Start with Doyle Simpson, the owner of the murder weapon, and you must ask who had a motive to eliminate at least one of the four victims. That means questioning every person with close personal or financial ties to the two men and two women killed at the Tardy furniture store.
It doesn’t end there. Two of the victims, store owner Bertha Tardy and Carmen Rigby, the business manager, were White and socially prominent; the two male victims (one Black, one White) were unlikely targets for a hired hit.. If Doyle and Emmitt were paid killers, the real villain of this story would almost certainly be White.
And what if Doug Evans, after antagonizing dozens of upstanding white citizens with impertinent questions, came up empty? If the DA wanted to hold onto his job somebody had to pay for the most shocking crime in Winona history.
Enter Curtis Flowers.
Curtis Flowers had no way of knowing Doyle Simpson had a gun in his car. Flowers had no access to a vehicle on the fatal morning of the murders so, if he did the deed, he had to walk to and from the crime scene. Unlike Doyle Simpson, Flowers had no association with organized criminals. Locally, he was known as a first-rate gospel singer and that’s about all.
Nonetheless, trial testimony suggests that within two hours of arriving at the crime scene, Doug Evans decided Curtis Flowers was his man.
Prosecuting Flowers had none of the problems associated with Doyle Simpson. After working at the Tardy Furniture store for three days, Curtis failed to show up for work for a full week. When, at the insistence of his mother, he called the store to see if he still had a job, he learned that he had been replaced.
Of course he had been replaced. As the appeal brief filed in July of 2013 argued persuasively, Flowers had no reason to be angry with Bertha Tardy; Bertha had good reason to be angry with Curtis.
But if the goal is to close the most horrific murder case in local history without enraging the local White electorate, Curtis Flowers made the perfect suspect. His only alibi was that he had been alone at his home most of the morning in question, so he couldn’t prove innocence. Most importantly, make Flowers your sole person of interest and the investigation stops with him.
But Evans had a problem; a problem that has dogged him for seventeen years. He can sell his theory of the crime to a White jury, but Black folks are profoundly skeptical. Most Black people in Montgomery County know the Flowers family and they know the Simpson brothers. They are inclined to believe that Doyle Simpson had something to do with the murders, but there is an almost universal confidence that an influential White person paid the piper. Whoever did the crime, Black residents say, wasn’t motivated by the paltry sums of money involved and they weren’t driven to homicidal rage by being released from a dead-end job after failing to report for a week.
There are only two explanations for the crime, Black residents tell me.
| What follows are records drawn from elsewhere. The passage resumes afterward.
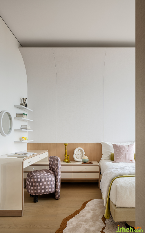 次臥的設(shè)計融合了細(xì)膩與奢華,仿佛每一個角落都在訴說著愛的故事,令人沉醉在這份浪漫的氛圍中。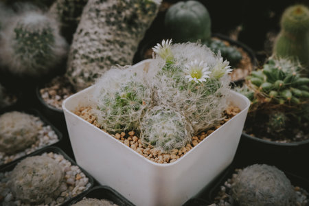 mammillaria cactus in a pot with white flowers. Close-up.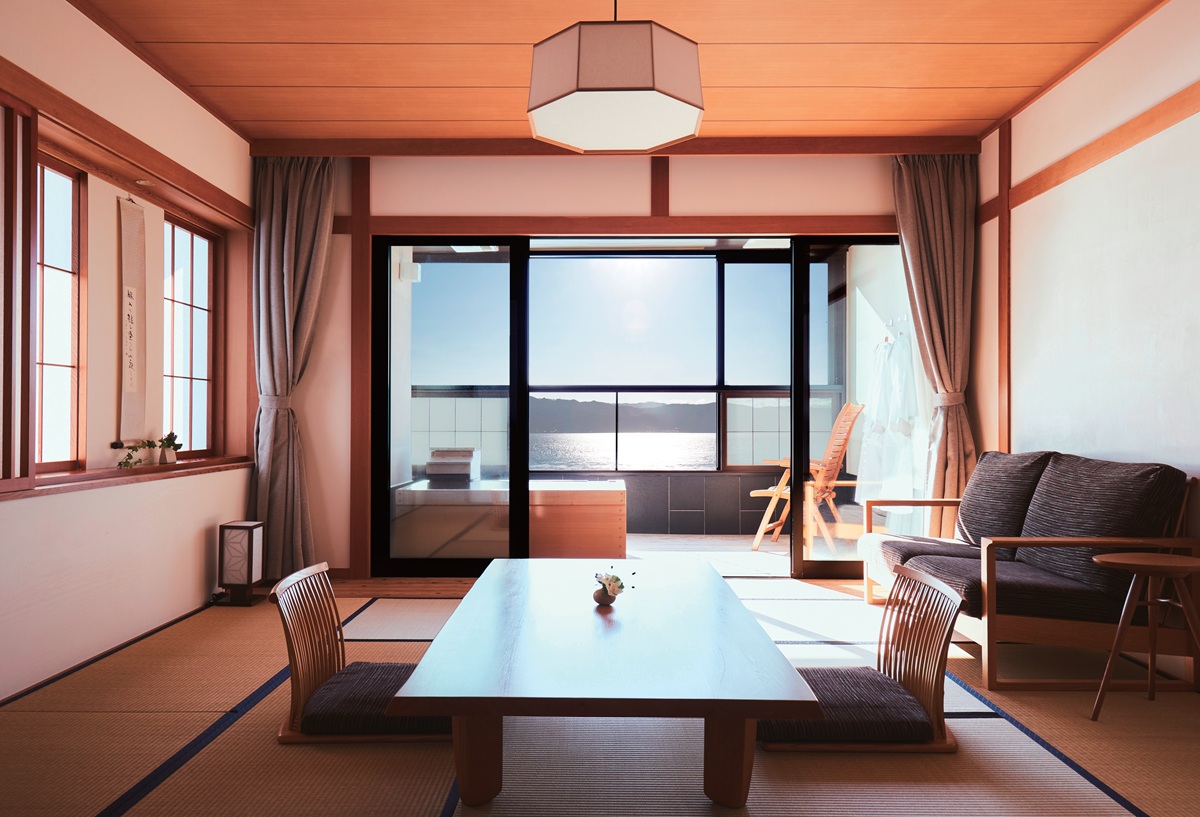 エントランス+和室10畳+掘りごたつ風ダイニング+ミニキッチンが備わり、4名まで宿泊できる。テラスには露天風呂とリビングをしつらえ、湯涼みにも最適。和室タイプは5室を用意。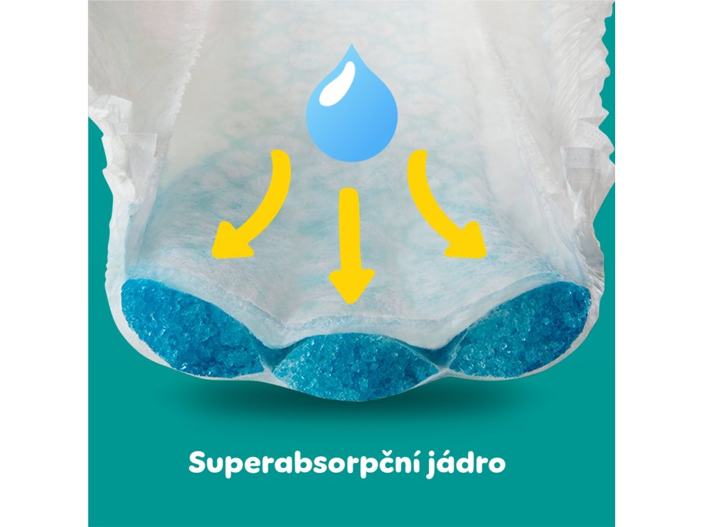 Rychle a účinně absorbují vlhkost, účinně ji oddělují od pokožky miminka a bezpečně ji uzamknou uvnitř super-absorpčního jádra.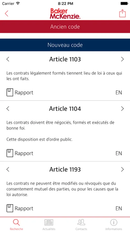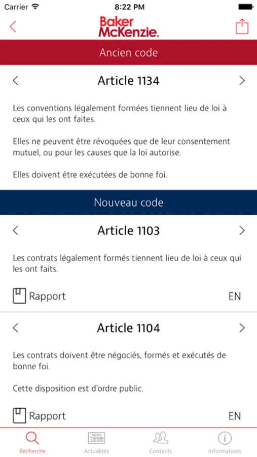 Ainsi, avec Baker McKenzie Réforme Contrats 2016, vous pouvez facilement trouver la concordance entre les anciens et les nouveaux articles concernés du Code Civil français. Vous pouvez de plus, si vous souhaitez contextualiser et approfondir les changements apportés par la réforme, consulter les sections pertinentes du rapport au Président de la République publié le même jour (JORF du 11 février 2016).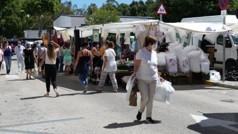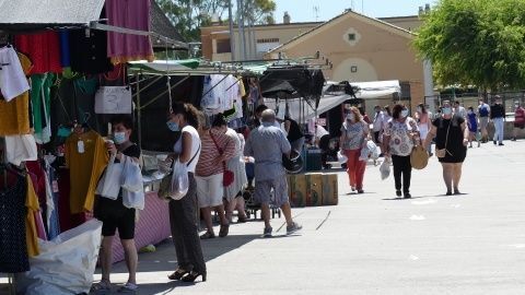 Había ganas de mercadillo y se ha notado en este primer miércoles en el que los vendedores ambulantes han podido volver a colgar de sus tenderetes bañadores, zapatos, manteles, sábanas, ropa interior, vestidos, bolsos y una amplia variedad de artículos tras haber estado más de tres meses sin actividad.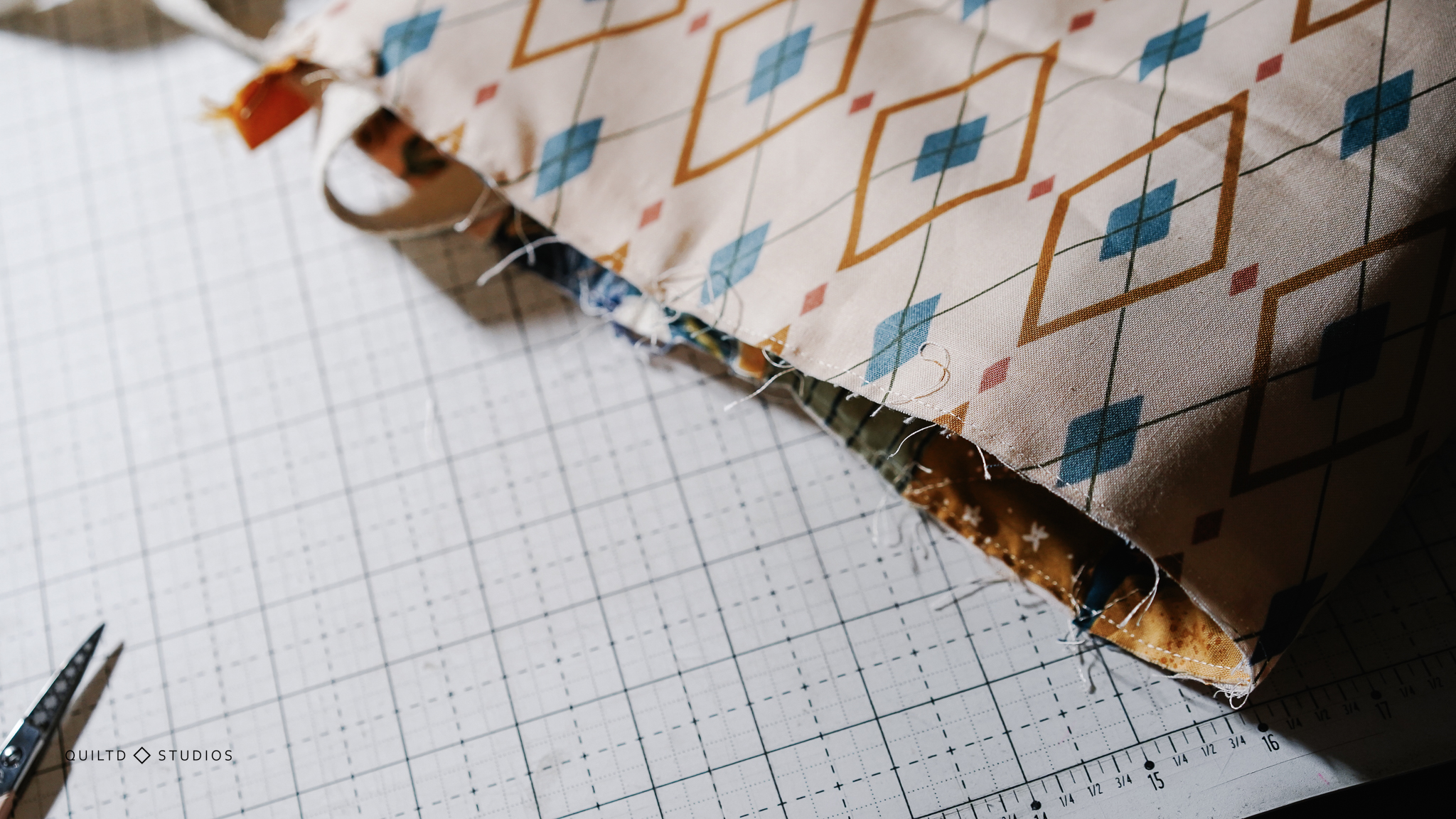 Clip the seams where the interfacing and squares meet up, this will allow us to lay the column down flat to sew the opposite direction.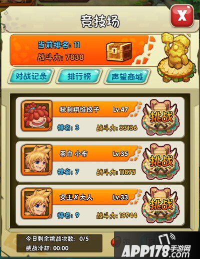 在竞技场界面中,各位勇士可以对其他相近排名玩家进行挑战,当然挑战是有一定策略的,各位勇士要先行查看备选挑战对手的战斗力是否过于强大,如果比自己团队战斗力高过太多,就先饶他一命,等日后实力强大了再来弄死他。竞技场每日可挑战5次,每次挑战冷却时间为10分钟,如果觉得打的次数太少不过瘾的话,还可以消耗龙蛋购买挑战次数。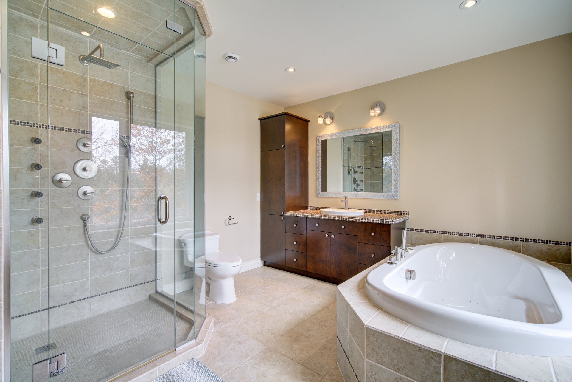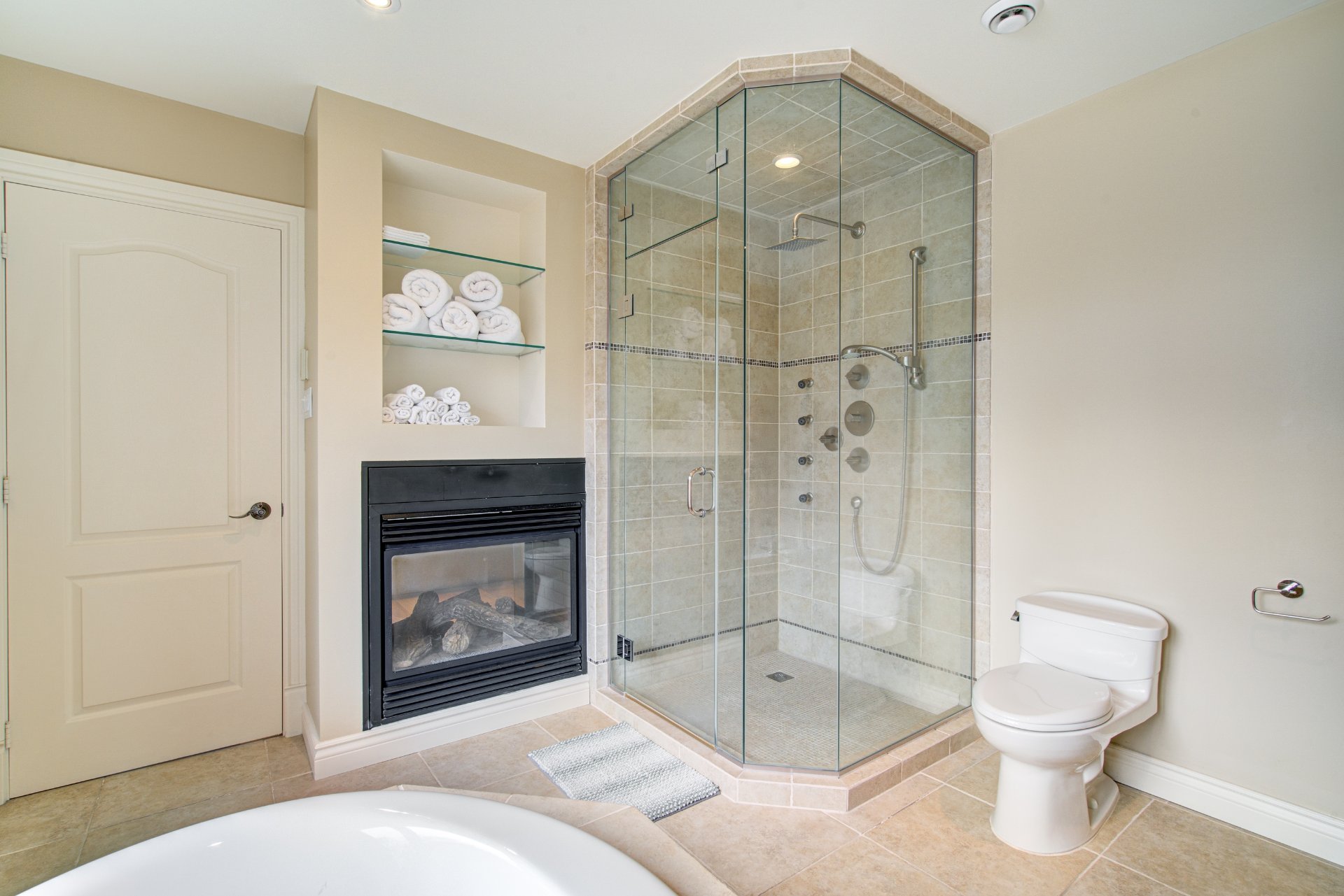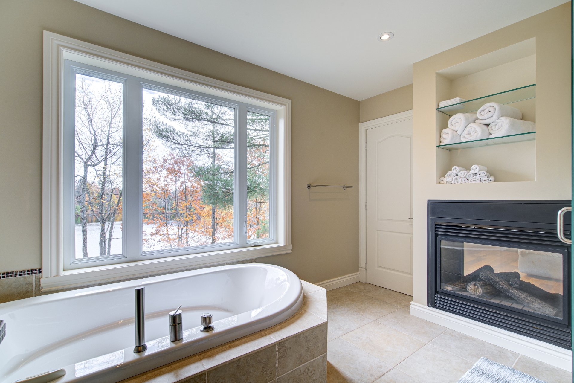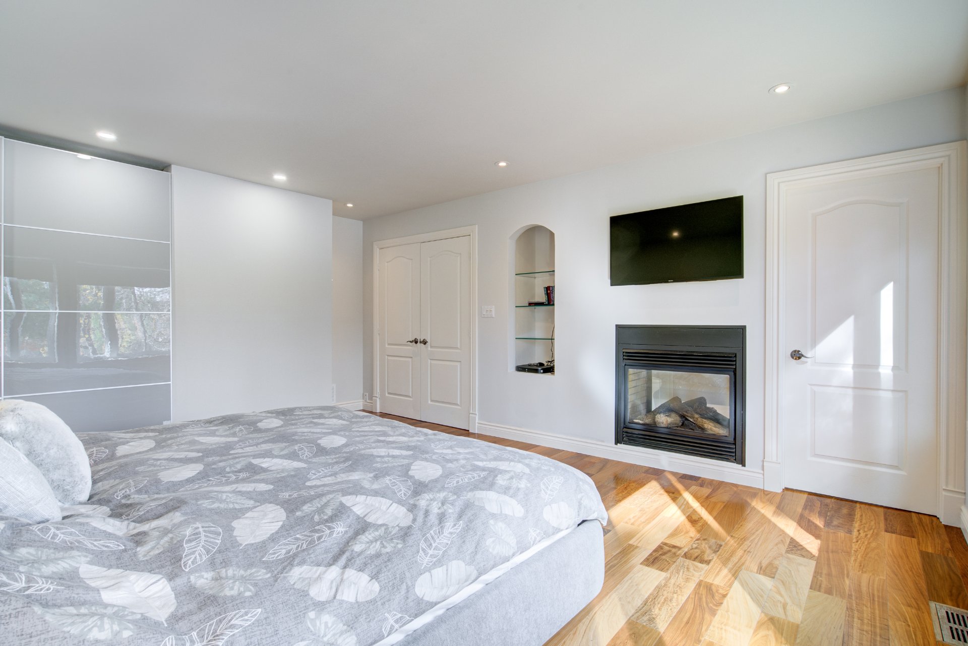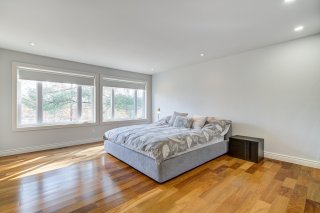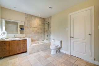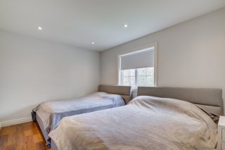 La chambre principale offre une vue imprenable sur le lac, une salle de bains attenante avec bain, douche multi-jets, planchers chauffants et un foyer double face partagé avec la chambre. Un immense walk-in, pouvant servir de troisième chambre, complète cet espace. La seconde chambre est lumineuse et possède également sa propre salle de bains attenante avec plancher chauffant.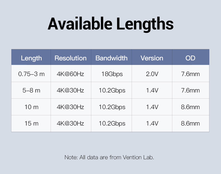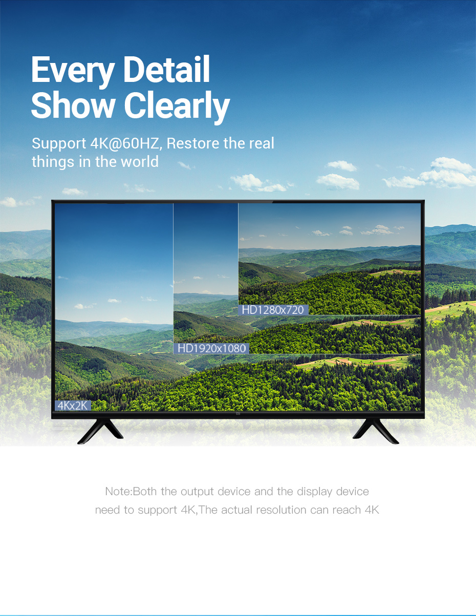Cáp HDMI 2.0 hỗ trợ độ phân giải lên tới 4Kx2K UHD bao gồm 3840×2160, 2560×1600, 2560×1440, 1920×1200 và 1080p.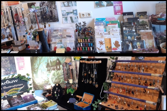 Bei uns gibt es Bilder , Fantasie- Bücher, Figuren, Plastiken, SChmuck aus Epoxidharz , - Stricksachen vor allem für kleine Kinder / Babys,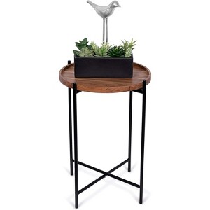 - REMOVABLE TRAY: features a beautiful wooden removable tray top so you can prepare food, coffee or drinks in the kitchen then easily transport them back to the side table base. **Due to the natural wooden top coloring variations may occur from pictured table**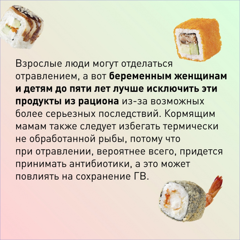 Поскольку рыба термически не обработана, следует употреблять её с осторожностью. Роллов лучше избегать беременным и кормящим мамам, ими не стоит кормить детей до 5 лет. Если вы в «группе риска», но роллов очень хочется, тогда можно заказать запечённый продукт.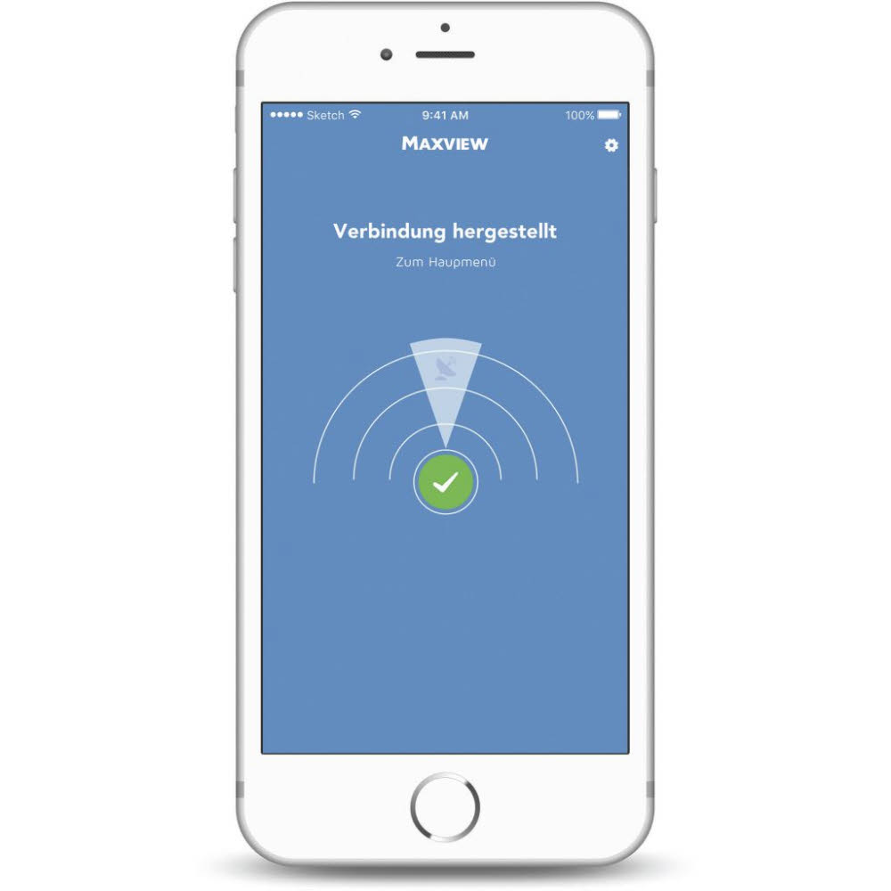 Die vollautomatische Maxview Target Connect hat die gleichen Eigenschaften wie die Maxview Target, verfügt aber darüber hinaus über eine intelligente Software, die die Bedienung noch einfacher und bequemer macht. Die kostenlose Maxview Connect-App ermöglicht die Bedienung der Sat-Antennen über das Smartphone. Sie läuft sowohl unter iOS als auch auf Android. Durch die App eröffnen sich verschiedene Bedienungsmöglichkeiten wie z. B. Software-Update bei Frequenzverschiebungen und unkomplizierte Änderung der gespeicherten Satelliten. Ebenfalls werden Fehlermeldungen direkt auf dem Smartphone sichtbar. Egal wohin man reist – mit der Sat-Anlage Maxview Connect ist man immer auf Empfang. Steuergerät inklusive Universal-Halterung zur senkrechten oder hängenden Montage.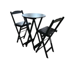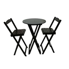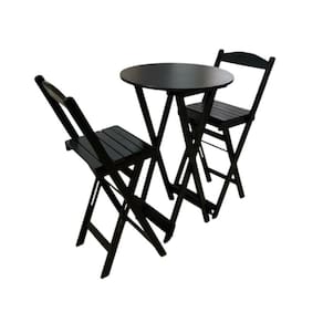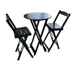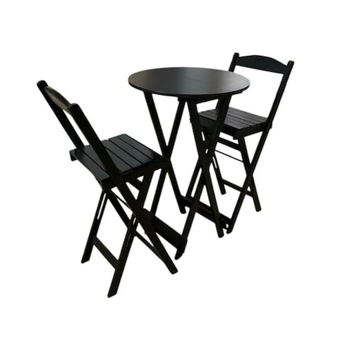 Conjunto Bistrô Dobrável em Madeira – 3 Peças Preto -

Either we are dealing with a paid hit that went bad, or the killers enjoyed killing and picked the Tardy’s store at random. Either way, Curtis Flowers is the wrong man.
Doug Evans can sell his theory of the crime to White people for the same reason he could sell it to himself: it avoids all the pain and horror that a proper investigation would inevitably carry in its wake.
That simple fact has a profound and impact on White people, but it doesn’t fly on the Black side of town. Which explains why jury selection has everything in this case. Evans can get a white jury eager to convict, or he can get a mixed jury that splits along racial lines. Which explains why Curtis Flowers is the only capital defendant in the history of American jurisprudence to be tried six times for the same crime.